The most optimal three-dimensional protein structure was obtained from the Iterative Threading ASSEmbly Refinement (I-TASSER) server, which generated five predicted models that were evaluated based on their C-scores. Among these, model-1, having the lowest C-score (1.59), was selected and further refined, yielding a 3D-refine score of 37,759.1. The refined model exhibited an estimated Template Modeling score (TM-score) of 0.94 ± 0.05 and a Root-Mean-Square Deviation (RMSD) of 2.5 ± 1.9 Å (Fig. 3). Prior to refinement, the Ramachandran plot showed residues distributed across favorable, allowed, and disallowed regions; however, after refinement, 87.21% of residues were located in the favorable region, 10.24% in the allowed region, and only 2.55% in the disallowed region (Fig. 3A). In addition, the crude model displayed a Z-score of −7.02, indicating acceptable overall structural quality (Fig. 3B).

images

Figure 2: GC-MS chromatogram showing the frequency and intensity of compounds identified in Coleus forskohlii.

images

Figure 3: Validation of the 3D 8BH6 protein structure. (A) Ramachandran plot showing residues in favored, allowed, and disallowed regions. (B) ProSA-web Z-score of the refined 8BH6 model.
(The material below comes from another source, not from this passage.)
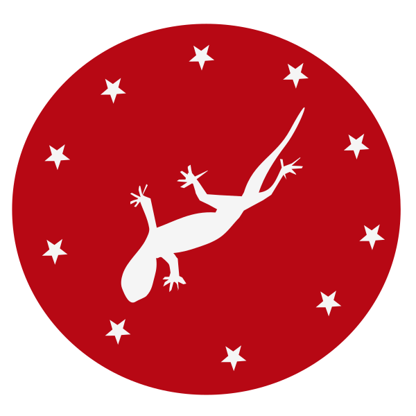This features a red circle with a white gecko lizard on it. The gecko is captured in mid-air, giving the impression of flying or jumping. It appears to be an eye-catching and unique design that showcases the gecko's agility and grace. The red background provides a striking contrast against the white gecko, making it stand out even more. This logo could potentially represent a company or brand related to lizards, reptiles, or wildlife in general.

3.4.2 Active Sites Searching

The Computed Atlas of Surface Topography of proteins (CASTp) server was utilized to identify the active sites within the protein. The active site of a protein facilitates binding with a chemical substrate, leading to a catalyzed reaction. The stabilization of reaction intermediates occurs at a binding site, which is a specific location on a protein or nucleic acid capable of recognizing a ligand and forming a strong binding interaction with the protein. In this study, CASTp identified 400 active pockets in the 8bh6 structure. Among them, three pockets were selected based on their surface area, and the corresponding amino acid residues were mapped and visualized in Fig. 4. In the process of molecular docking simulation, the binding sites were documented to construct a receptor grid with an angstrom (Å) dimension of X = 38.3066, Y = 42.3265, and Z = 44.1188.

images

Figure 4: Active and binding sites of 8BH6 protein. The selected pockets are represented as colored spheres (red, blue, and green, respectively), indicating their respective binding site positions.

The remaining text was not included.